Published October 8, 2019
PARIS: Families of the victims of May 8, 2002 car bombing outside Karachi’s then Sheraton Hotel arrive at a courthouse on Monday on the first day of the trial for the financial aspect of ‘the Karachi case’. — AFP
PARIS: Families of the victims of May 8, 2002 car bombing outside Karachi’s then Sheraton Hotel arrive at a courthouse on Monday on the first day of the trial for the financial aspect of ‘the Karachi case’. — AFP

PARIS: Three top former French government aides went on trial on Monday charged with arranging a system of kickbacks on arms deals with Pakistan and Saudi Arabia in the 1990s.

The trial is the first to arise out of a sprawling investigation into the so-called Karachi affair where a bus carrying French defence engineers was blown up in 2002, killing 15 people.

Al Qaeda was initially suspected of the attack, but the focus later shifted to the arms deals amid suspicions the bombing may have been revenge for non-payment of promised bribes.

A total of six people went on trial in a Paris criminal court on Monday on suspicion of misappropriating part of the proceeds from the arms deals.
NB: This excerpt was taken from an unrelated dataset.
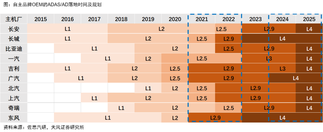 L2+车型开始推出,多家主机厂2024/2025落地L4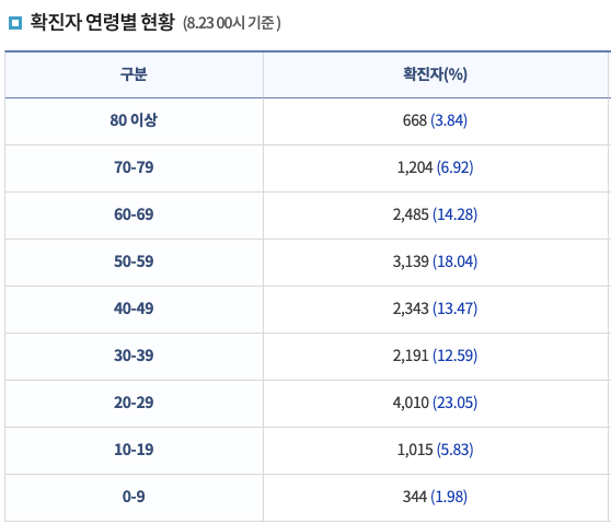 2020-08-23 기준 코로나 확진자 연령별 현황 @질병관리본부

They included three former government aides who served under conservative ex-prime minister Edouard Balladur.

Balladur, 90, was himself last week ordered to stand trial over claims that he used some of the kickbacks to fund his failed 1995 presidential bid.

The three aides are Nicolas Bazire, Balladur’s former campaign manager; Renaud Donnedieu de Vabres, a former adviser to his defence minister Francois Leotard; and Thierry Gaubert, a former aide to then budget minister Nicolas Sarkozy.

Also accused are Dominique Castellan, a former head of the international division of French naval defence contractor DCN (since renamed Naval Group), and two Lebanese middlemen who allegedly acted as go-betweens for the bribes and kickbacks -- Ziad Takieddine and Abdul Rahman El-Assir.

El-Assir was not present at the start of the trial.

Chirac ended arms bribes Paying bribes on arms deals was common practice when Balladur’s government won contracts to sell submarines to Pakistan and frigates to Saudi Arabia in 1994.

Earning kickbacks on the deals was banned, however.

Investigators suspect the French of having paid some 327 million euros ($359 million) in bribes on the deals, including some 13 million euros in kickbacks.

After defeating Balladur for the presidency in 1995, Chirac ended the payment of all remaining commissions on the deals.

Balladur has denied knowledge of any commissions or kickbacks and said he was not responsible for the “details” of the financing of his presidential campaign.

He and his former defence minister Leotard, 77, have been charged with complicity in the alleged misappropriation of part of the proceeds of the arms deals.

Both will be tried by the Court of Justice of the Republic, a separate tribunal that hears cases of alleged misconduct by ministers and prime ministers in the course of their duties.